**WHAT YOU SHOULD DO**
Among the entries below, only the lines from the one with "1をスプレーしたらコテで髪を" through the one with "شرح کلی نیاز: کپسول" are wanted, reproduced exactly. Pictures are not wanted.

**RECORD EXTRACTS**
== Segment start ==

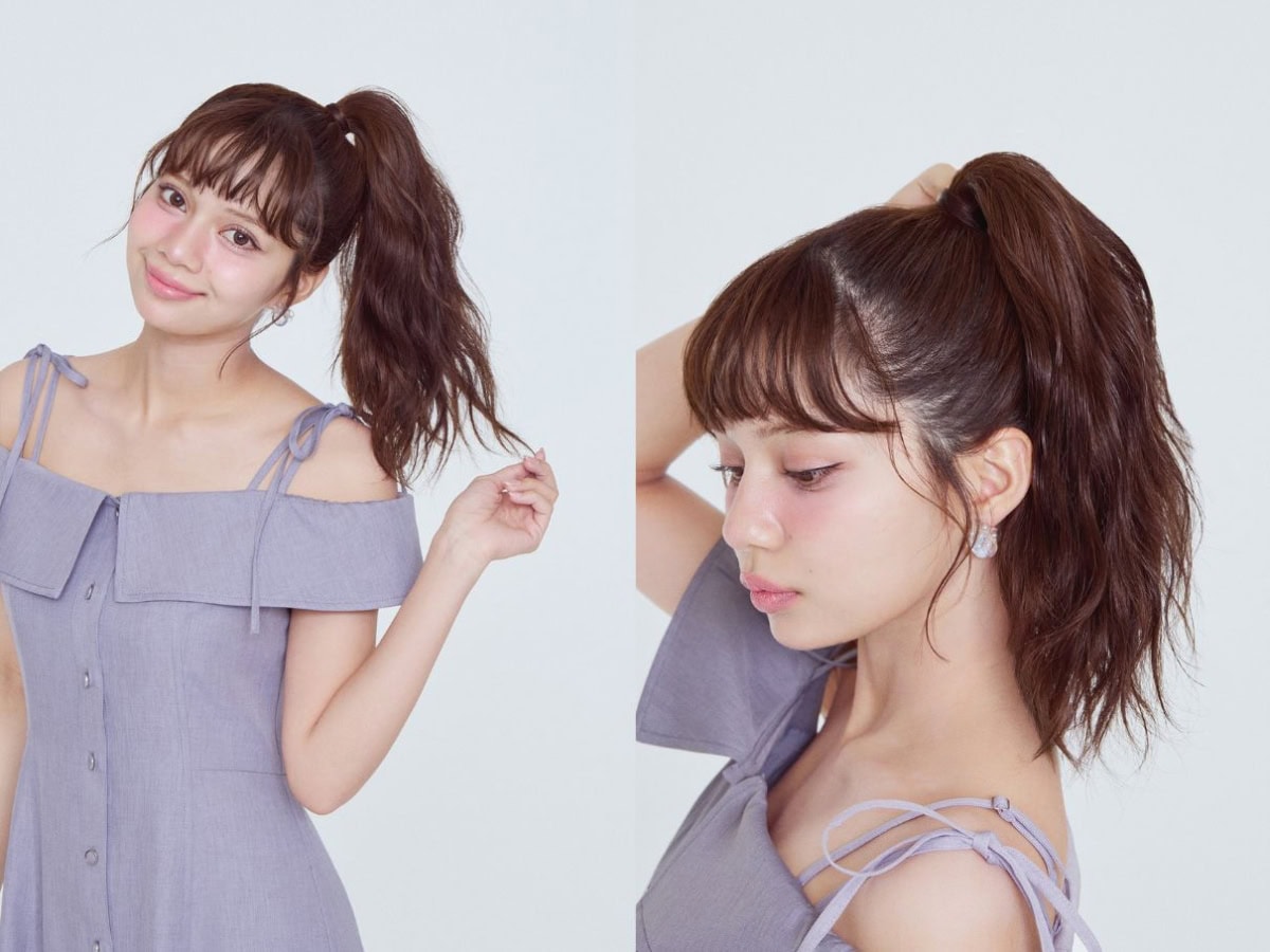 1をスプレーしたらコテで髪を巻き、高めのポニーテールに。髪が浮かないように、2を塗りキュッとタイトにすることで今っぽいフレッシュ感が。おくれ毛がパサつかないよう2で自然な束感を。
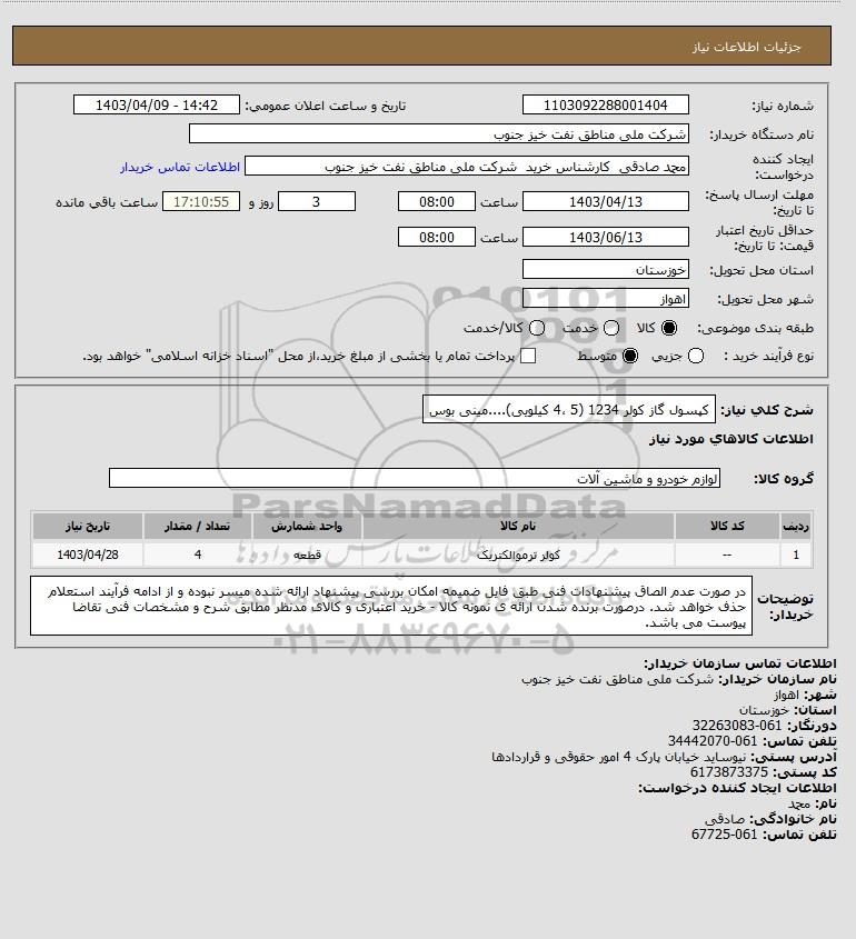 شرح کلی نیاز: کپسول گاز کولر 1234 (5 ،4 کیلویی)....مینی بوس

== Segment end ==
== Segment start ==

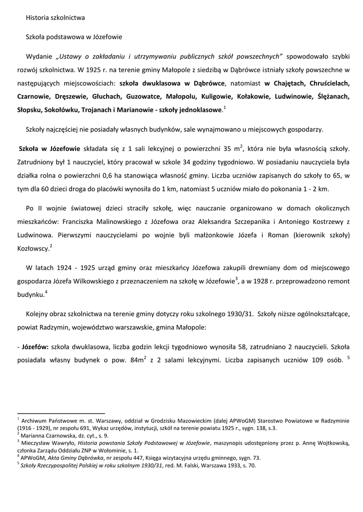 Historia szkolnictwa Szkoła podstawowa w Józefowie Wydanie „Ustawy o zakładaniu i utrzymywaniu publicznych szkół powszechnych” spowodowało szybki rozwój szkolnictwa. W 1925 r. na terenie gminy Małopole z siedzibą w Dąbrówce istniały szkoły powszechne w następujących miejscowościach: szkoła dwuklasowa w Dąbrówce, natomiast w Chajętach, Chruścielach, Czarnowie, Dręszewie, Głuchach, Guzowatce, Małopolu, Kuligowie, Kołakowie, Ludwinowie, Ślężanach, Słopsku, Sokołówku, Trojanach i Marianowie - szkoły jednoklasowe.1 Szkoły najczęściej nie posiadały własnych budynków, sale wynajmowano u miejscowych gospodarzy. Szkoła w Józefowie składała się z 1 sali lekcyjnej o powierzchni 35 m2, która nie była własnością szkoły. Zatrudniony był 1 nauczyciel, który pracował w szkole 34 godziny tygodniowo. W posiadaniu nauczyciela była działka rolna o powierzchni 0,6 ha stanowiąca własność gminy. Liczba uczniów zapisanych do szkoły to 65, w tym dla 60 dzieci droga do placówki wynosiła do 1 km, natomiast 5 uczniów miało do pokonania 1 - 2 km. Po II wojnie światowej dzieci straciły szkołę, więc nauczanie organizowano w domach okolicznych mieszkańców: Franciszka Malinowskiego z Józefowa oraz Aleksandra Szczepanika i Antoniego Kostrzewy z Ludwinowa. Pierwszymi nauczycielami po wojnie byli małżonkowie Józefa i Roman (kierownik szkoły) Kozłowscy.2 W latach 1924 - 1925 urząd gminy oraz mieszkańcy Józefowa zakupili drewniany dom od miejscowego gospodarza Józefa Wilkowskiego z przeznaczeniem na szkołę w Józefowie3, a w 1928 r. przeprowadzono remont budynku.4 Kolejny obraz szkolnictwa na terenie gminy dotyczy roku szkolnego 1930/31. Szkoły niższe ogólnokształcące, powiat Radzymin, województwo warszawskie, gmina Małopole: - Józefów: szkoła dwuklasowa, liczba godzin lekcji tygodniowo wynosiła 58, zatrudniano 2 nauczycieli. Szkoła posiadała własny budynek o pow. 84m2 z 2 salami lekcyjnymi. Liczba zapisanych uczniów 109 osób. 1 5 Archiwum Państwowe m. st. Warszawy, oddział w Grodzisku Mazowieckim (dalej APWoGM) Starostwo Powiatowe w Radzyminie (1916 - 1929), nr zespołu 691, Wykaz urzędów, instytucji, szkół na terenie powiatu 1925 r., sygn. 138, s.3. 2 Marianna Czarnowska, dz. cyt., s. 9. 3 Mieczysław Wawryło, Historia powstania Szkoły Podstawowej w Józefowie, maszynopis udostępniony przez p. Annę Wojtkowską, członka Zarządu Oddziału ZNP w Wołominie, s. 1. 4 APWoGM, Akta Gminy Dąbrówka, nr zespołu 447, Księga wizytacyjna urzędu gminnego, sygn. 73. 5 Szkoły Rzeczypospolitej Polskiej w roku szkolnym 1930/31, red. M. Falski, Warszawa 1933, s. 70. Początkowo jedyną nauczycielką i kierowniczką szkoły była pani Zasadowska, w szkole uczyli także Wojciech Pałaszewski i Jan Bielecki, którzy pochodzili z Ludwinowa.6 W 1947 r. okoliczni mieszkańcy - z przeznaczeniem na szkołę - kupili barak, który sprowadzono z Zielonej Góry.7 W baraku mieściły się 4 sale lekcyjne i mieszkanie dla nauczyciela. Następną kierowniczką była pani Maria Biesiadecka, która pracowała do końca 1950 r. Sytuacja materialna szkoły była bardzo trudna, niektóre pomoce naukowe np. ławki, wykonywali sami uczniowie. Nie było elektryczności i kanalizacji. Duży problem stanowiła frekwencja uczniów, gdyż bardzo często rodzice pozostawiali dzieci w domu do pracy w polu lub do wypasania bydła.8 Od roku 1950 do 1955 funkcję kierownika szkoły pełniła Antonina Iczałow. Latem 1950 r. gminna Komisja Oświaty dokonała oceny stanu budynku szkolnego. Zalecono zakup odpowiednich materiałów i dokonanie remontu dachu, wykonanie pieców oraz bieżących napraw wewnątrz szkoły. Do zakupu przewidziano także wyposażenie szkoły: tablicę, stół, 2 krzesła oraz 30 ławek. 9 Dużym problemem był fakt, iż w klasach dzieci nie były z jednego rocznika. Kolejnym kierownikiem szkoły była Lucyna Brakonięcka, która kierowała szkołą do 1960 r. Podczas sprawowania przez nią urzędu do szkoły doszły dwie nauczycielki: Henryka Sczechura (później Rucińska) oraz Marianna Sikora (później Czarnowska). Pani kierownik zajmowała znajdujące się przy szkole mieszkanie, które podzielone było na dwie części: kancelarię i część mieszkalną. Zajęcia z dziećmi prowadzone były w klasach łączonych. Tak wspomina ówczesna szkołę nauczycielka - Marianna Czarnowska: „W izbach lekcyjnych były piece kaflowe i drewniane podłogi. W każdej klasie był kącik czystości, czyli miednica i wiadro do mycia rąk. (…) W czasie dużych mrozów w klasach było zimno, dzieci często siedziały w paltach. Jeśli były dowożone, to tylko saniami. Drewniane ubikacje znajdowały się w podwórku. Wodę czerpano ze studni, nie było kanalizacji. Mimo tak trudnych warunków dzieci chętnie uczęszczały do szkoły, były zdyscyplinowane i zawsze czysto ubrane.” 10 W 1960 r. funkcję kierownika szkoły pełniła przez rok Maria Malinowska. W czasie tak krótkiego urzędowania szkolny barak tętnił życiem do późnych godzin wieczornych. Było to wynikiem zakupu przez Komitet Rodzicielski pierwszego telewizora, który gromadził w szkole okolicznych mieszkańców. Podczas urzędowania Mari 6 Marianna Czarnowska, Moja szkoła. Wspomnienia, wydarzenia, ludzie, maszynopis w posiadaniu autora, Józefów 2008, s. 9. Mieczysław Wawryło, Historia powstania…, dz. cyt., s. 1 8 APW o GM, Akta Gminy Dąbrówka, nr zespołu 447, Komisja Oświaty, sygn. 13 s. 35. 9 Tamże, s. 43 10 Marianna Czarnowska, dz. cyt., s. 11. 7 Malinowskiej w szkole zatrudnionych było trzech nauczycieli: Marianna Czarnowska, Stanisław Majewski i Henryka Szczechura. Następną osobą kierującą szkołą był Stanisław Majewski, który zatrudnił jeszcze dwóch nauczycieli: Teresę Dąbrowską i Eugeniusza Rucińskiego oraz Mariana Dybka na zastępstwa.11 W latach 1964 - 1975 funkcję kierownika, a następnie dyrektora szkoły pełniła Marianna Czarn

== Segment end ==

**REPLY TO THE EXERCISE**
 1をスプレーしたらコテで髪を巻き、高めのポニーテールに。髪が浮かないように、2を塗りキュッとタイトにすることで今っぽいフレッシュ感が。おくれ毛がパサつかないよう2で自然な束感を。
 شرح کلی نیاز: کپسول گاز کولر 1234 (5 ،4 کیلویی)....مینی بوس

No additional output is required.